Saved entries:
........

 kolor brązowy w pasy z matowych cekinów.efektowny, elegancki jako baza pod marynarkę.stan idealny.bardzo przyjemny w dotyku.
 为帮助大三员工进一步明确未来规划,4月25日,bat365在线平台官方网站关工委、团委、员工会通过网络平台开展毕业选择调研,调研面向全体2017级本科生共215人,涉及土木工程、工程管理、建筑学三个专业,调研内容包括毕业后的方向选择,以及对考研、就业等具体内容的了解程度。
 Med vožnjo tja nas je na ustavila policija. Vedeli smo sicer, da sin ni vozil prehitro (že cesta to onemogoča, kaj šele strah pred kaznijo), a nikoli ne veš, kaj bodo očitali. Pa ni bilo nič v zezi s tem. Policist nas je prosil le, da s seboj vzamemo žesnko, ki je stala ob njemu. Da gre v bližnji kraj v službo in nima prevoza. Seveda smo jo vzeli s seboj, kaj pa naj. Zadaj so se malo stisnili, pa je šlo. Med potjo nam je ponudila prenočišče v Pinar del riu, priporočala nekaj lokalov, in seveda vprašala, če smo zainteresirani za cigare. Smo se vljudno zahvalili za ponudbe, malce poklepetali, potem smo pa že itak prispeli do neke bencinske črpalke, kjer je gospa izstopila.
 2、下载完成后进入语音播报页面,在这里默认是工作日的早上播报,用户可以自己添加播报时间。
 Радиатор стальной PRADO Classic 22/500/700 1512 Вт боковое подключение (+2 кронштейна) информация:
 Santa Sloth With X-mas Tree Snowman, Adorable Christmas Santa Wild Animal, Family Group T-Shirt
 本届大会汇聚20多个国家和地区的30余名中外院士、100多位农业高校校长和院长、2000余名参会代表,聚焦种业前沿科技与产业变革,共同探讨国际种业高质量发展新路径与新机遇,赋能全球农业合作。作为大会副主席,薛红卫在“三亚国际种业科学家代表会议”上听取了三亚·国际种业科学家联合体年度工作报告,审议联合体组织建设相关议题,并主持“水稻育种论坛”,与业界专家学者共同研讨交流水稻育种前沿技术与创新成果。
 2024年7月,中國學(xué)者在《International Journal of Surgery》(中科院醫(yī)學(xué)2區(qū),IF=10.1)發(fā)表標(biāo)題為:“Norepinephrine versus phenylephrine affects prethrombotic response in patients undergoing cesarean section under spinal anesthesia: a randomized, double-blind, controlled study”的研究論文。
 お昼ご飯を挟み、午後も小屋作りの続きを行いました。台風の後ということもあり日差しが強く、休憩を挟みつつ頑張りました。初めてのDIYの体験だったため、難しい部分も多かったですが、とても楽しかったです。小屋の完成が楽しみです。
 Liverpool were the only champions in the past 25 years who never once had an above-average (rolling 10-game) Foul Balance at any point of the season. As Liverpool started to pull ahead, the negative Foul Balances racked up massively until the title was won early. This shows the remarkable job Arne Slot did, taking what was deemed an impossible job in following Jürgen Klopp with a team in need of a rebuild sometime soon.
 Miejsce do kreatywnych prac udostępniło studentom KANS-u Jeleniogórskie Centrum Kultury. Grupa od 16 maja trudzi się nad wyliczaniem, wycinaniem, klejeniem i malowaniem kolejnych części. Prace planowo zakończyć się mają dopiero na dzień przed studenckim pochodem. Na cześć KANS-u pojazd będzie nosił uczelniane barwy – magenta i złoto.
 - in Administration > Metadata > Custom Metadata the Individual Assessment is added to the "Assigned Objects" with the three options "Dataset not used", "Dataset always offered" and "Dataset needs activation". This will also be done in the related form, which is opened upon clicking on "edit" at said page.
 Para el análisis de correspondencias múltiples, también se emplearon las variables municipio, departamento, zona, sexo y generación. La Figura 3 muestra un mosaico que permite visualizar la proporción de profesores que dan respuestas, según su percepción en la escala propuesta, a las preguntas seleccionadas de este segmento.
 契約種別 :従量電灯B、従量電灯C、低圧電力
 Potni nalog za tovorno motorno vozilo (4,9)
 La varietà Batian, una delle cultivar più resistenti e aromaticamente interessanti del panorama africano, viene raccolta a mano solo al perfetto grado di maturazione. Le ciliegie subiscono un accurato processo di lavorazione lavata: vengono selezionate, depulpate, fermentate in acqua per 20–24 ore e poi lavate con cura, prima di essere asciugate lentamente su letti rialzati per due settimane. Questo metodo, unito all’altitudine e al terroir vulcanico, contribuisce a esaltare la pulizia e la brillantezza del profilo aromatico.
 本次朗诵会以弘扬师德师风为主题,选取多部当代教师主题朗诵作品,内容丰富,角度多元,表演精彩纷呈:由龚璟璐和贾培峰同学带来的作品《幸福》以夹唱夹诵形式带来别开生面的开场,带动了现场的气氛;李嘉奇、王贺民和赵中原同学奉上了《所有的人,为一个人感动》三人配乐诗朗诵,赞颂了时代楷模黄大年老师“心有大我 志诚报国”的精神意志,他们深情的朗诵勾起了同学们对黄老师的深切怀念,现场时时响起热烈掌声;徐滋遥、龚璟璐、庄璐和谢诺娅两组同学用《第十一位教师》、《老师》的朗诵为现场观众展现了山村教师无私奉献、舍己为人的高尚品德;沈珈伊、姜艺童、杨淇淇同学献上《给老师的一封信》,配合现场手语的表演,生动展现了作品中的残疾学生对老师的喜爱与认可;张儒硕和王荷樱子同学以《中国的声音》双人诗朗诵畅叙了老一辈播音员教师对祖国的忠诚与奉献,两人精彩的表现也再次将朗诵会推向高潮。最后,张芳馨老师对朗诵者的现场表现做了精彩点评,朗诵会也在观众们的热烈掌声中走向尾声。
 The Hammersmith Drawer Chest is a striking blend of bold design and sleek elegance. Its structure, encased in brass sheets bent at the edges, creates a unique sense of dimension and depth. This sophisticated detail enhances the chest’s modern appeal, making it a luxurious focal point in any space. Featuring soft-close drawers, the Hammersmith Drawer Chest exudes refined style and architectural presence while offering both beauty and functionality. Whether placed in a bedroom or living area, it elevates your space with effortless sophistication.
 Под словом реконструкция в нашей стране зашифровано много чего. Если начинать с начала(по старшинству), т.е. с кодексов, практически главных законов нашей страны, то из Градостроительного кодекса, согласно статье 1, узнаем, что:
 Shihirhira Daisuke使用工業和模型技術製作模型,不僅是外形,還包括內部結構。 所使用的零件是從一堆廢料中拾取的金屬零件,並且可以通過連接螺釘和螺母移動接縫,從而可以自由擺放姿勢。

........

__TASK INSTRUCTIONS__. The answer must hold only the lines from the first line of the data through the line bearing "为帮助大三员工进一步明确未来", returned exactly.

__EXERCISE ANSWER__.
 kolor brązowy w pasy z matowych cekinów.efektowny, elegancki jako baza pod marynarkę.stan idealny.bardzo przyjemny w dotyku.
 为帮助大三员工进一步明确未来规划,4月25日,bat365在线平台官方网站关工委、团委、员工会通过网络平台开展毕业选择调研,调研面向全体2017级本科生共215人,涉及土木工程、工程管理、建筑学三个专业,调研内容包括毕业后的方向选择,以及对考研、就业等具体内容的了解程度。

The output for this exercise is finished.